Hawkish Fed hold signals possible 2026 rate hike

June 18, 2026

The Federal Reserve held rates steady at 3.5%-3.75% in a unanimous vote, its fourth consecutive hold, but delivered a notably hawkish shift. Officials now lean toward steady rates or even one hike in 2026 before any cuts, walking back prior expectations of a single 2026 cut. 

Surging inflation driven by energy supply shocks from the Middle East conflict, has pushed headline PCE to 3.6% and core to 3.3%, with CPI reaching 4.2% in May, the highest in three years.

Under new Chairman Kevin Warsh, the FOMC dropped forward guidance and launched task forces reviewing communications, the balance sheet and the inflation framework. The dot plot shows broad support for holds or hikes this year, with only one projecting a lone 2026 cut.

Trade analysis

Markets remain heavily tilted by persistent energy inflation versus any growth slowdown from the conflict.

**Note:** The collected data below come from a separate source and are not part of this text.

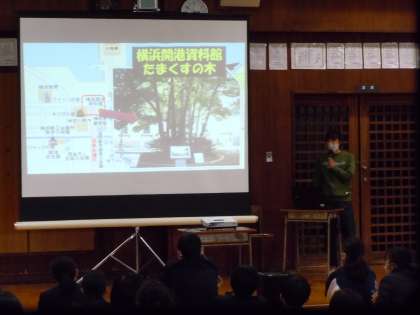 3月に実施予定の校外学習オリエンテーションが行われました。1年生の目的地は横浜です。現地まで学校よりバスで行き、到着後に班行動を実施する予定です。帰りも現地から学校までバスを利用します。感染症対策として、公共の交通機関を利用しないことにしています。校外学習の目的や横浜の見どころがスライドで紹介されました。移動教室の成果をいかして充実した校外学習にしましょう。(桝田)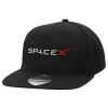 Space X, Adult Flat Snapback Hat Black, (100% COTTON TWILL, ADULT, UNISEX, ONE SIZE)
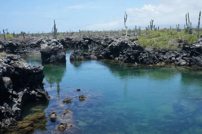 下午,我们去作圣克鲁兹岛海湾游。途中经过蓬塔卡马尼奥岛。旅客可在海中浮潜或上岛走走。我们在冰蓝的小湖和巨型仙人掌林之间穿行,一路仍然需小心踩上巨型鬣蜥。海湾游的最后一站是拉斯格里塔斯(Las Grietas),其意为岩缝。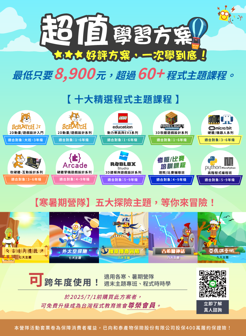 3.建議加選「時時學程式關卡挑戰」,於營隊下課後鞏固程式觀念應用。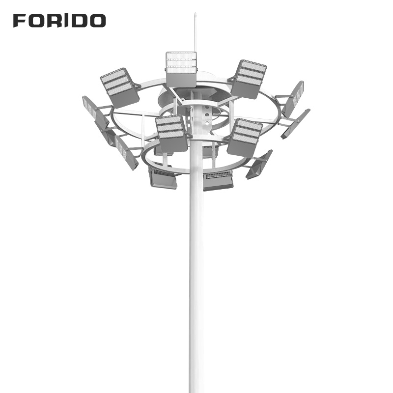 The lamp post is circular, with a wide illumination range and uniform light distribution, reducing light spot overlap, and featuring anti-glare design, suitable for sports venues, squares, etc., providing a comfortable lighting environment.

Bullish (1-2 cuts) signals:

  • Sticky or re-accelerating inflation reinforcing “higher for longer”
  • Fed maintaining data-dependent, cautious tone without easing hints

Bearish (0-1 cuts) signals:

  • Hotter inflation data prompting prolonged hold or further hikes
  • Stronger broad-based employment and resilient growth

Latest FOMC projections and inflation surge tilt probability firmly toward the lower end. Traders should watch upcoming CPI prints as well as oil prices. Our base case is 0 cut in 2026, heavily back-loaded.